The $35 dollar price point was a lie, much like the price of nearly any small/"portable" piece of hardware.
I thought they were pretty clear about what the $35 gives you.
You pretty much have to buy a case if you want this thing to last, and that's at the very least $10.
Depends on how you treat it. If you don't abuse it you really don't need a case.
Then there's the micro USB power supply which requires 5v at about 500mah. I dunno what makes anyone think that a charger like that would be laying around. I have a micro USB phone charger, but it maxes at 250mah. So that was another $10.
Really? I can power it through my micro USB phone cable just fine... Besides, in USB 2.0 a unit can draw 500 mA of power just fine, at least as specified by USB 2.0 (and assuming Wikipedia isn't lying). If you just use a standard USB 2.0 connection you're fine, and I'd say most people have such a connection readily available.
Then there's the SD card, which ranges between 10 and 30 dollars. We'll call it $15 to be fair.
I've got spare SD cards laying around. Sure, you may not, but many people do, and if you don't you can get a dirt cheap 4GB one for under $10.
Altogether that's around $70 for this "computer" that's completely painful to use from the start.

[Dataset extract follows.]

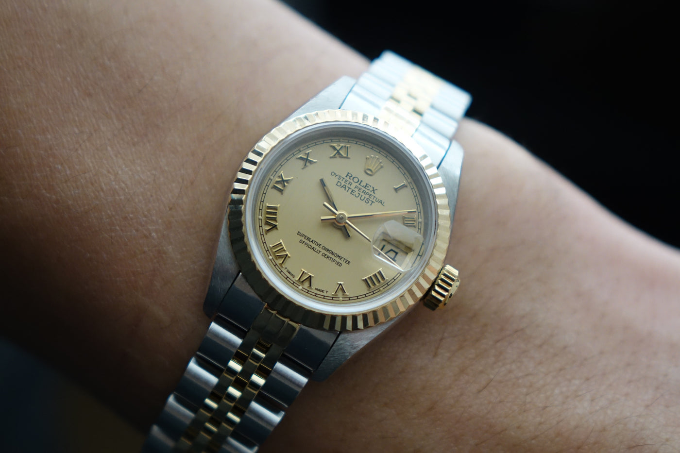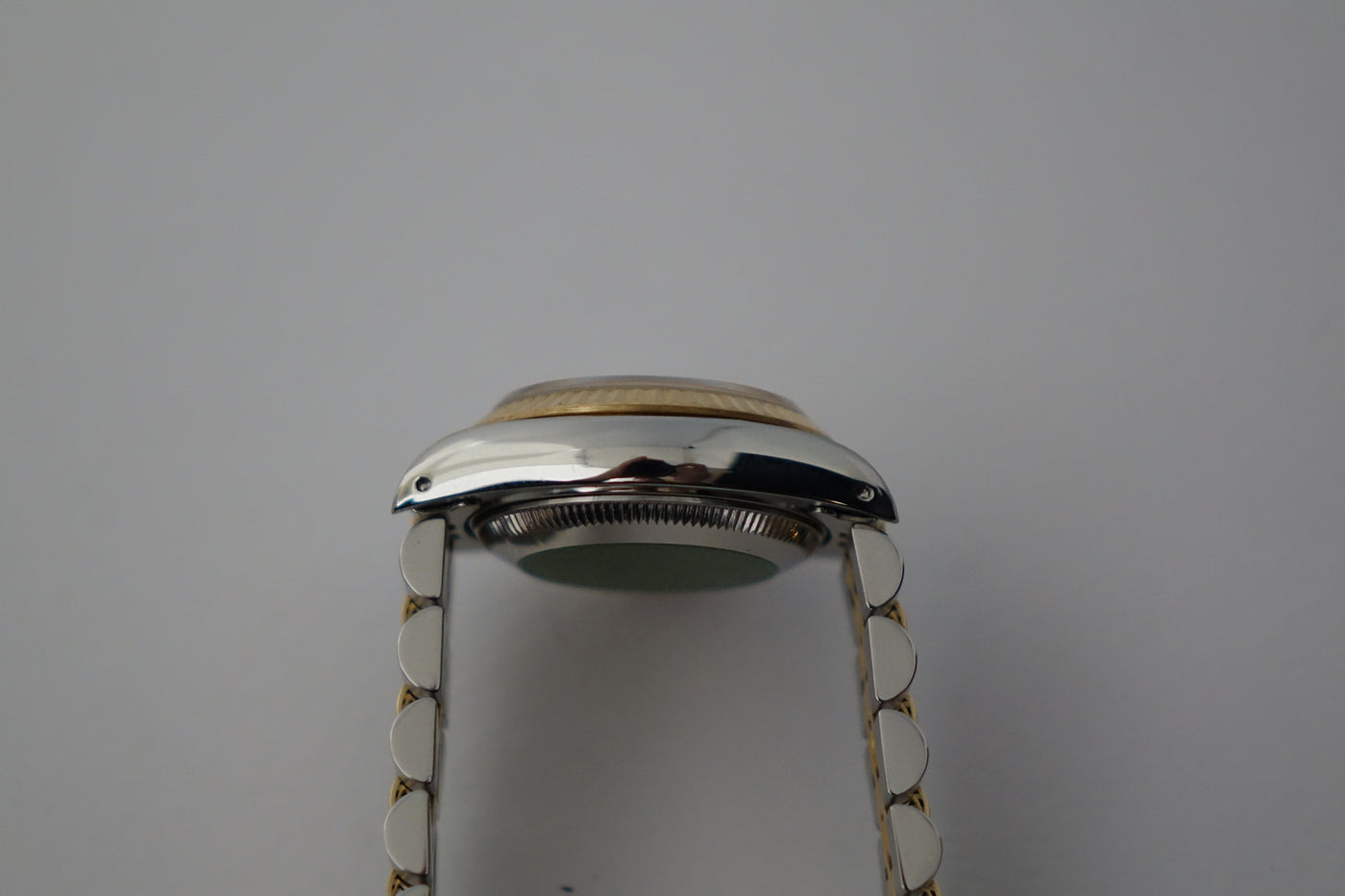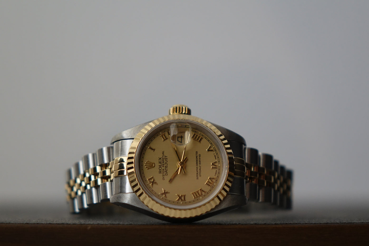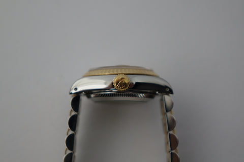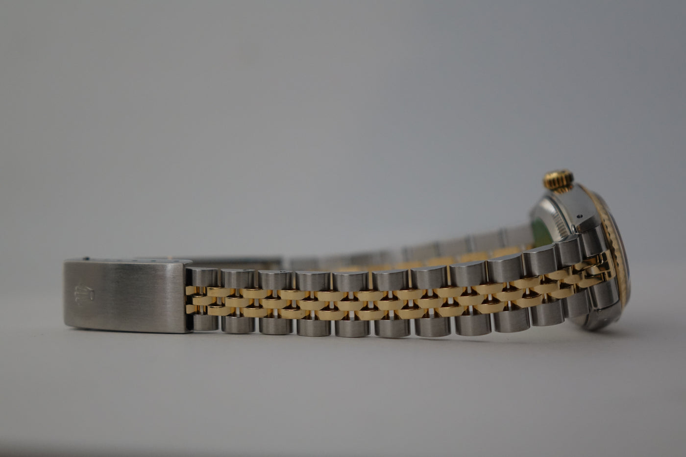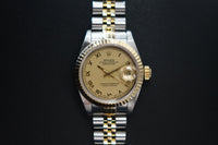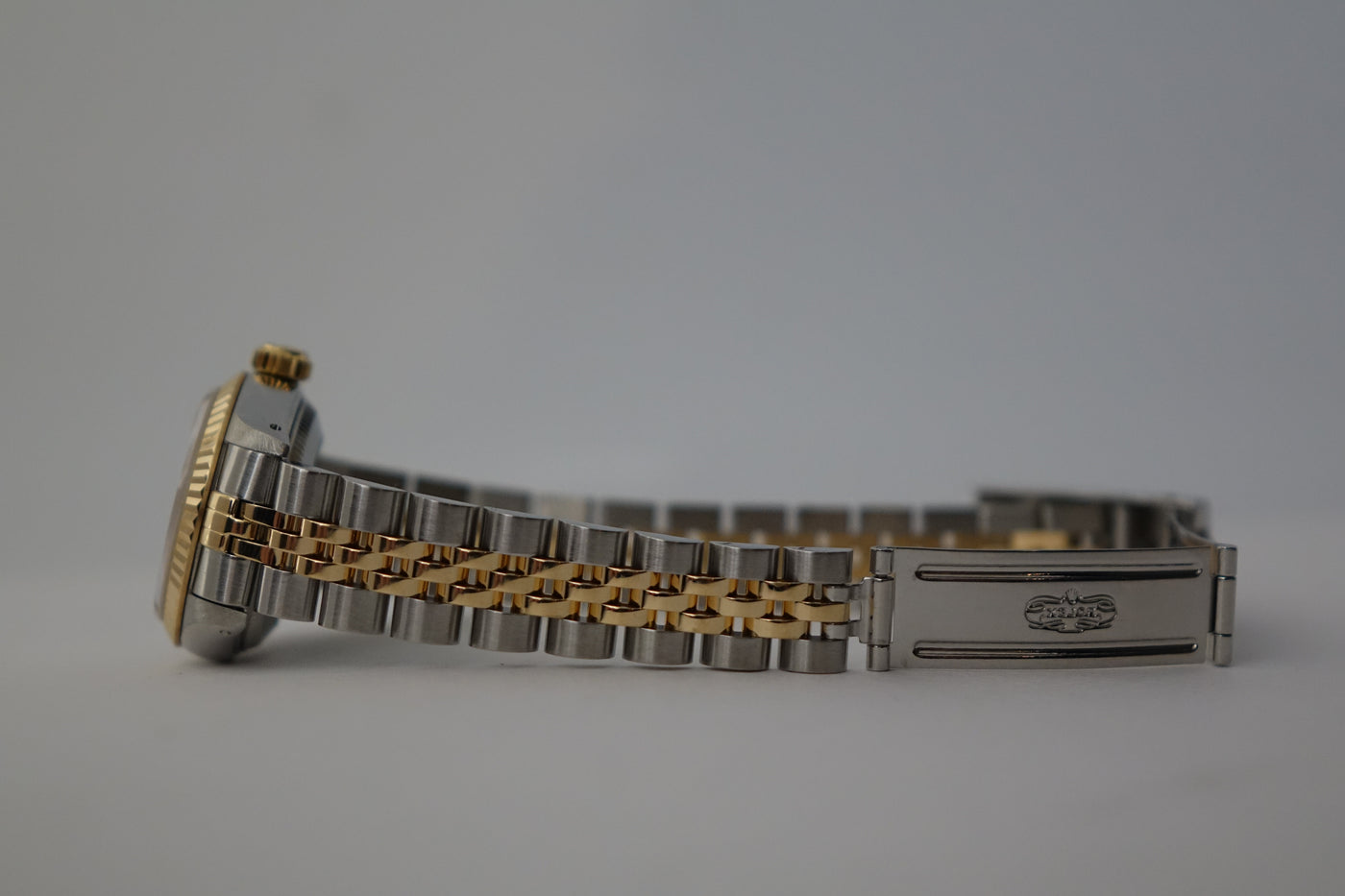 Offered here is an iconic stainless-steel watch with 18 k yellow gold fluted bezel, paired with the two-tone Jubilee bracelet and a timeless champagne dial that radiates elegance. Since its debut in the 1980s as part of the long-running Rolex Lady-Datejust line, this reference has remained a beloved entry-point into Rolex ownership combining refinement, practicality, and classic design all in one.

I'm not sure how to say this, but if you're expecting something fancy for $70, it's not gonna happen.
I think people get their hopes up too high for the Pi. It wasn't ever meant to be a "here's a pretty tutorial on how to get into Linux and computer stuff;" it's more of a "here's a cheap little thing you can tinker the heck out of." Additionally, as has been mentioned, a lot of the beginners that are targeted are beginners in a classroom, with an instructor to guide them. I understand it may not have been what you expected (and maybe it was marketed to you in a less-than-ideal way), which is unfortunate.
I don't know what doubts I'd have about the Pi. What exactly are you doubting? Frustrations I can understand, but I'm not sure about doubts.